Table 1 Primer sets used in quantitative RT-PCR

Illumina Infinium HumanMethylation450k BeadChip assay

Genomic DNA was isolated from 20 mg of frozen tissue using a Qiagen Genomic DNA kit (Qiagen). DNA methylation was analyzed with an Illumina Infinium assay with the HumanMethylation450 BeadChip (Illumina, San Diego, CA, USA), which interrogates a total of 482,421 CpG sites from the distal promoter regions of the transcription start sites to the 3’-UTR of consensus coding sequences. Methylated and unmethylated signals were used to compute beta values, which are quantitative scores of the DNA methylation levels, ranging from 0 (completely unmethylated) to 1 (completely methylated). The BeadChip was scanned on a BeadArray Reader (Illumina) according to the manufacturer’s instructions. CpG sites with “detection p values” > 0.05 (computed from the background based on negative controls) and CpG sites on the Y chromosome were eliminated from further analysis, leaving 482,005 CpGs valid for use with the nine samples tested.

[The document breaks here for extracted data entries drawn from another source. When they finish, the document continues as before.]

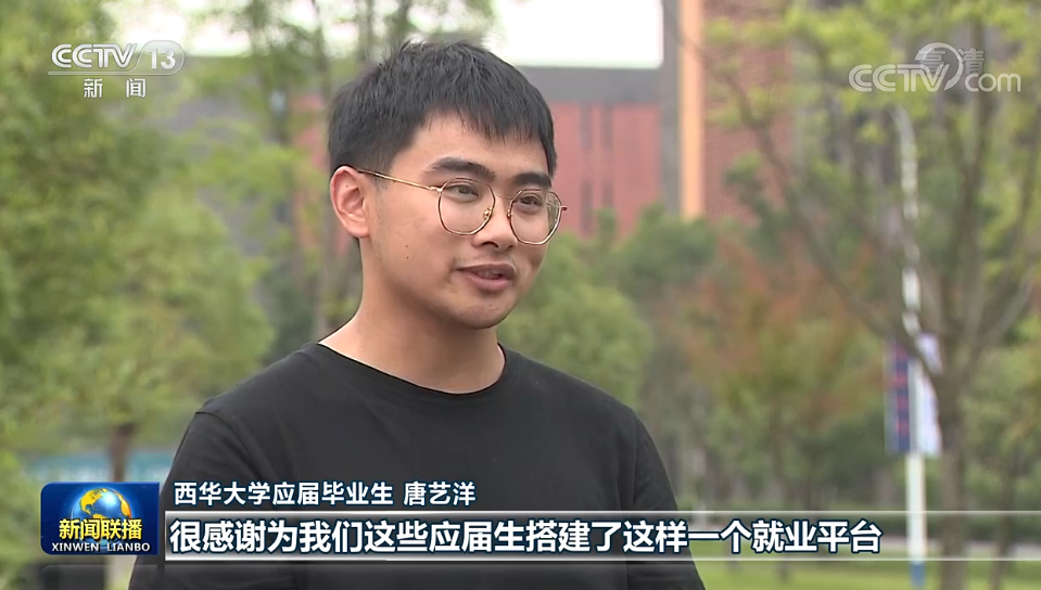 西華大學(xué)應(yīng)屆畢業(yè)生 唐藝洋:很感謝為我們應(yīng)屆畢業(yè)生搭建了就業(yè)平臺。下一步,我會按照習(xí)近平總書記勉勵我們青年學(xué)子時說的那樣,要熱愛勞動,腳踏實地,在實踐中一步步成長起來,努力做一個德智體美勞全面發(fā)展的人。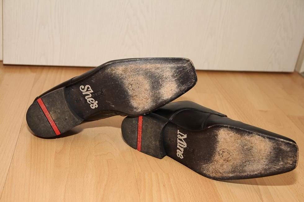 - Tragt eure neuen Schuhe vor der Hochzeit ein paar Mal Zuhause oder in den letzten Unterrichtsstunden in der Tanzschule. So könnt ihr sie perfekt einlaufen und die Füße das Leder etwas 'formen'.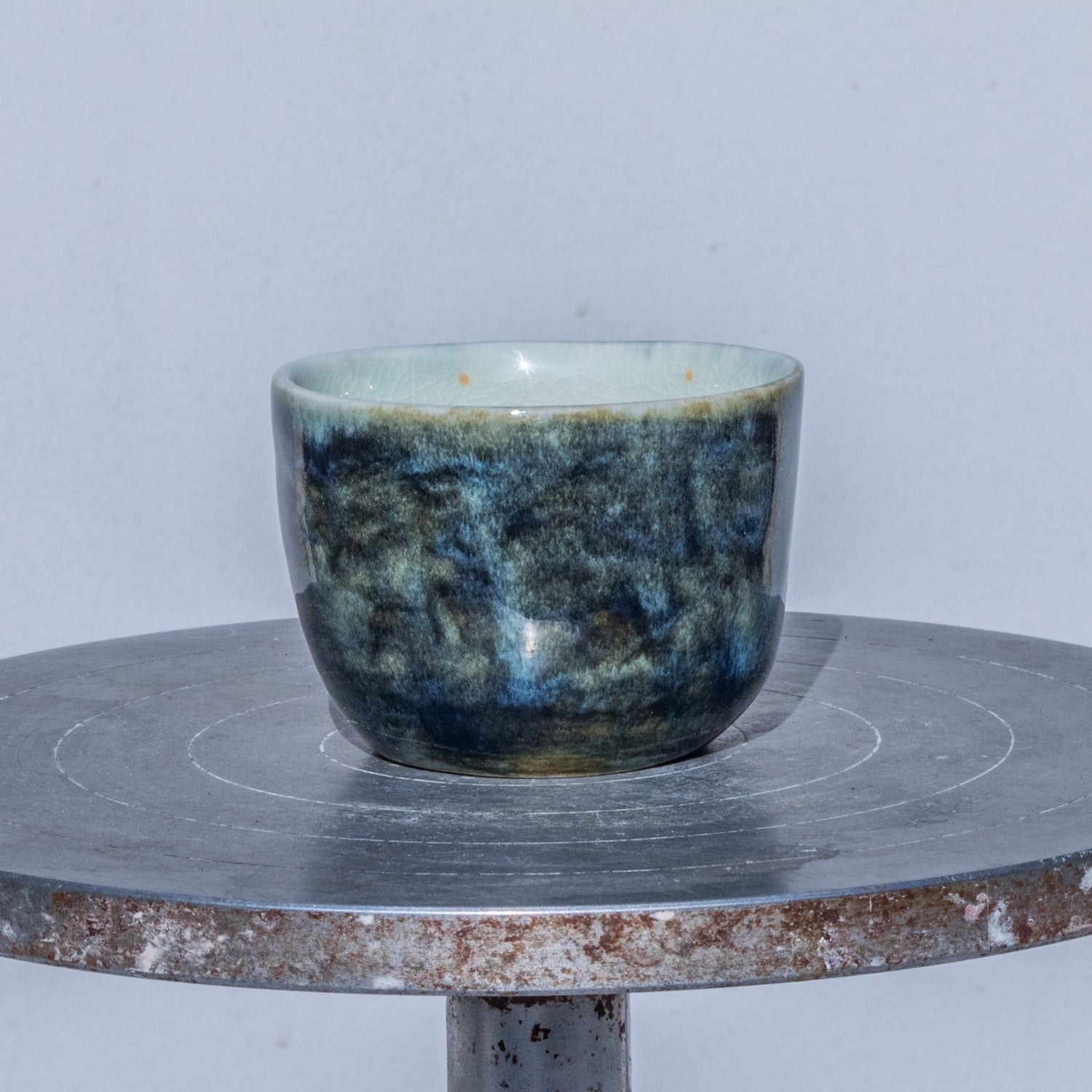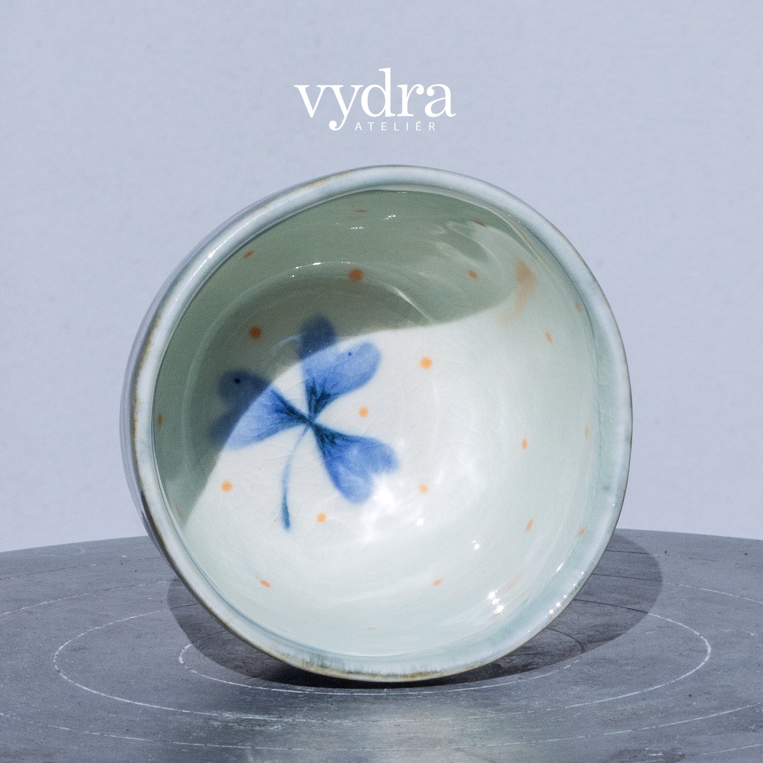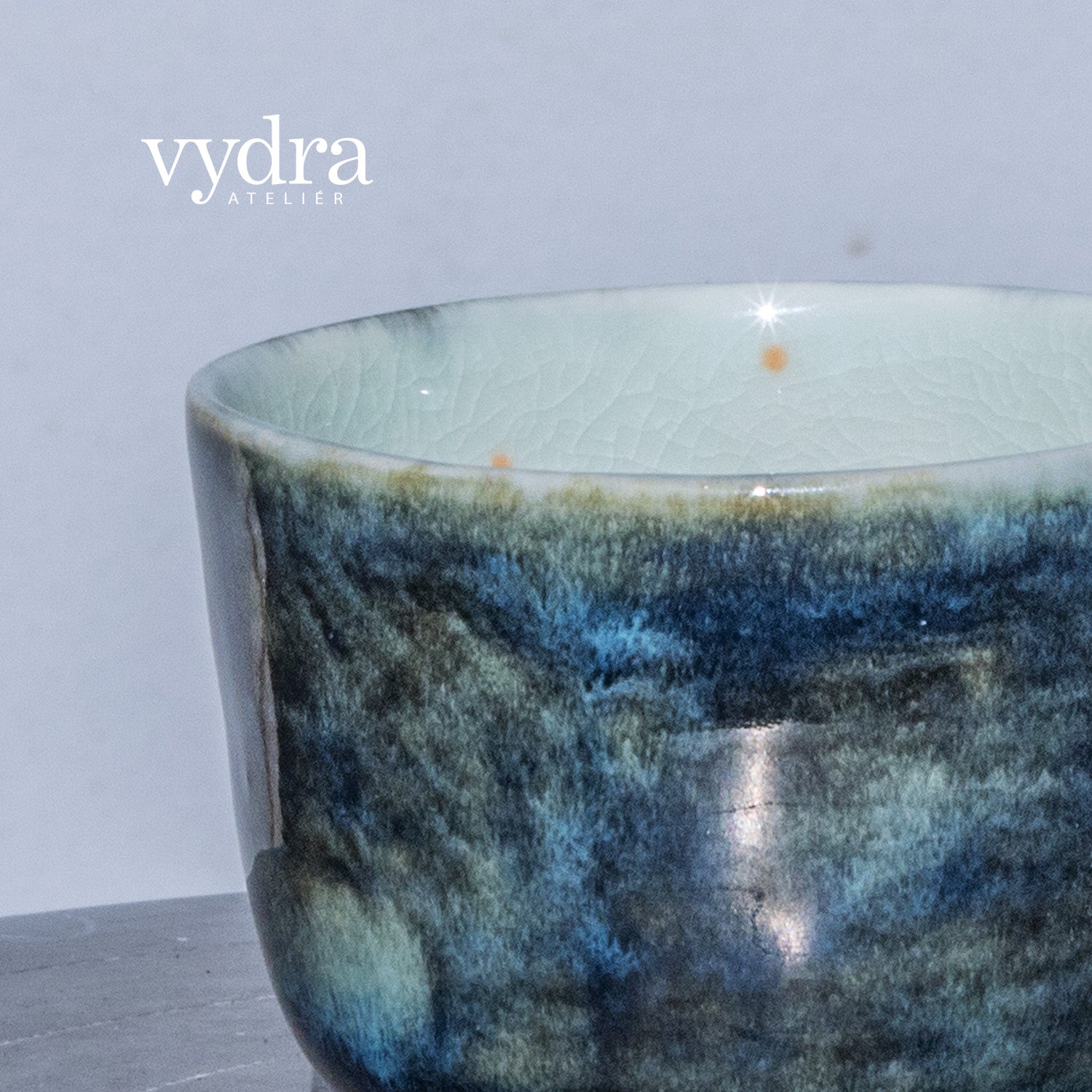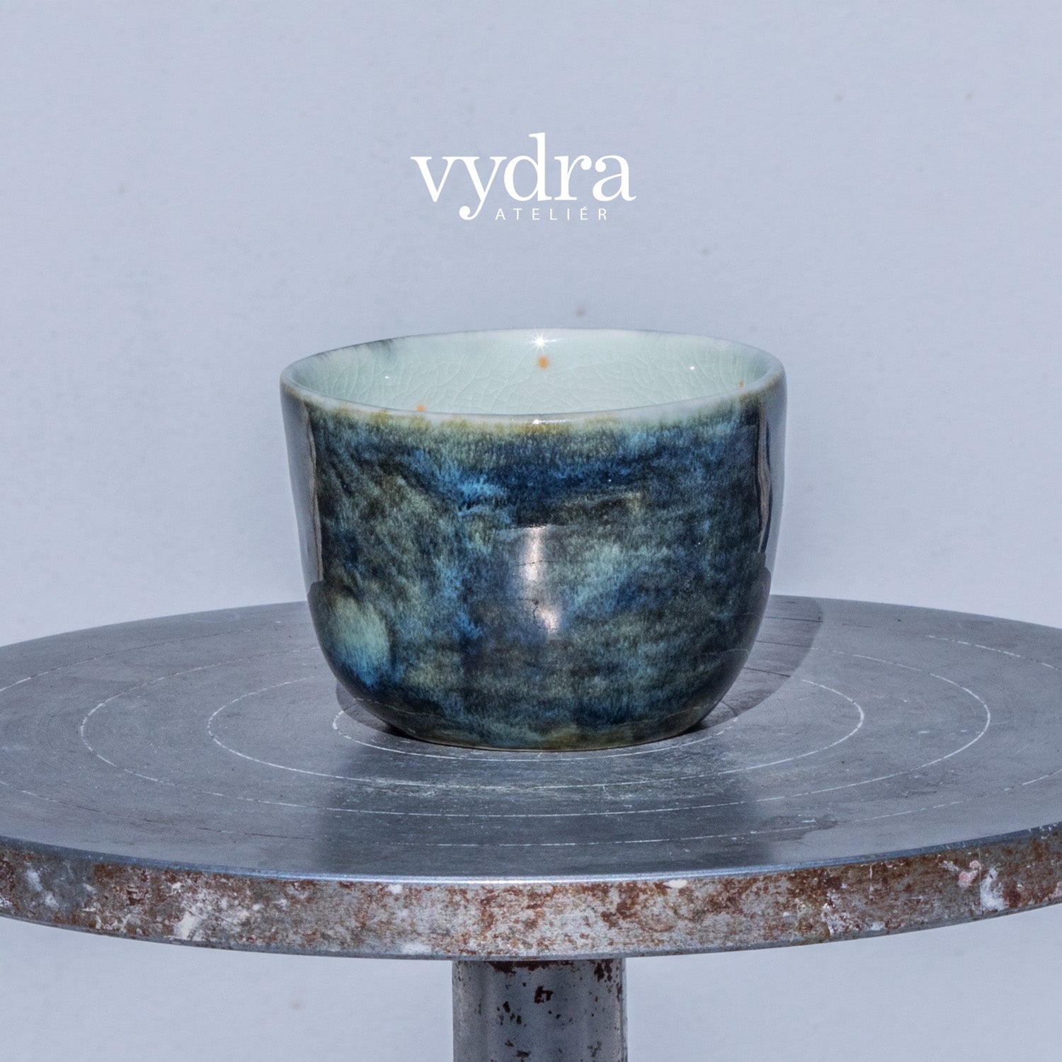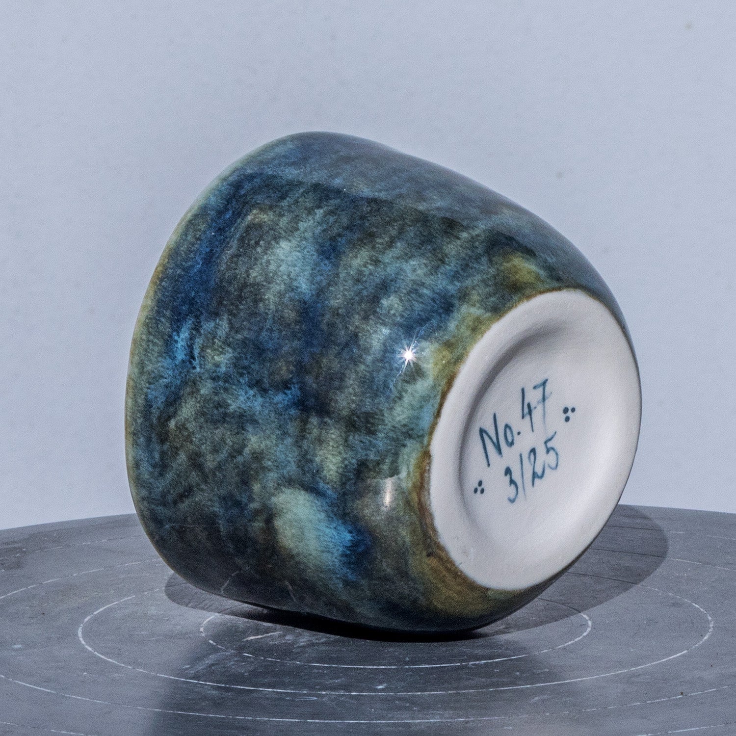 Ručně malovaný pohárek na espresso. Z vnějšku je glazovaný efektní výrazně mramorovanou temně modrou glazurou, vnitřní část je smetanově bílá snádechem modré, zdobená precizní ruční malbou, kombinující techniku akvarelu a podglazurní malby.

Sodium bisulfite sequencing

Bisulfite reactions were performed using an EpiTect Bisulfite Kit (Qiagen) with the following temperature conditions: 95 °C for 5 min, 65 °C for 85 min, 95 °C for 5 min and 65 °C for 175 min as previously reported [38]. The bisulfite-converted DNA was amplified by PCR using the primer pairs for ESR1 and ESR2 shown in Table 2 using the following thermocycling conditions: 95 °C for 10 min, and 40 cycles of 94 °C for 30 s, 60 °C for 30 s and 72 °C for 1 min followed by 10 min of final extension at 72 °C. The resulting products were cloned into a pGEM-T easy vector (Promega, Tokyo, Japan). The vectors were sequenced using a BigDye Terminator V3.1 Kit (Applied Biosystems, Foster City, CA, USA) and a 3130xl Genetic Analyzer (Applied Biosystems) as previously reported [20]. QUMA (http://quma.cdb.riken.jp/) was used to analyze the bisulfite sequencing data [39].

Table 2 Primer sets used in sodium bisulfite sequencing analysis

Statistical analyses

DNA methylation and mRNA Expression levels of the two groups were compared with unpaired t-tests using SPSS for Windows version 11 (SPSS Inc., Chicago, IL, USA).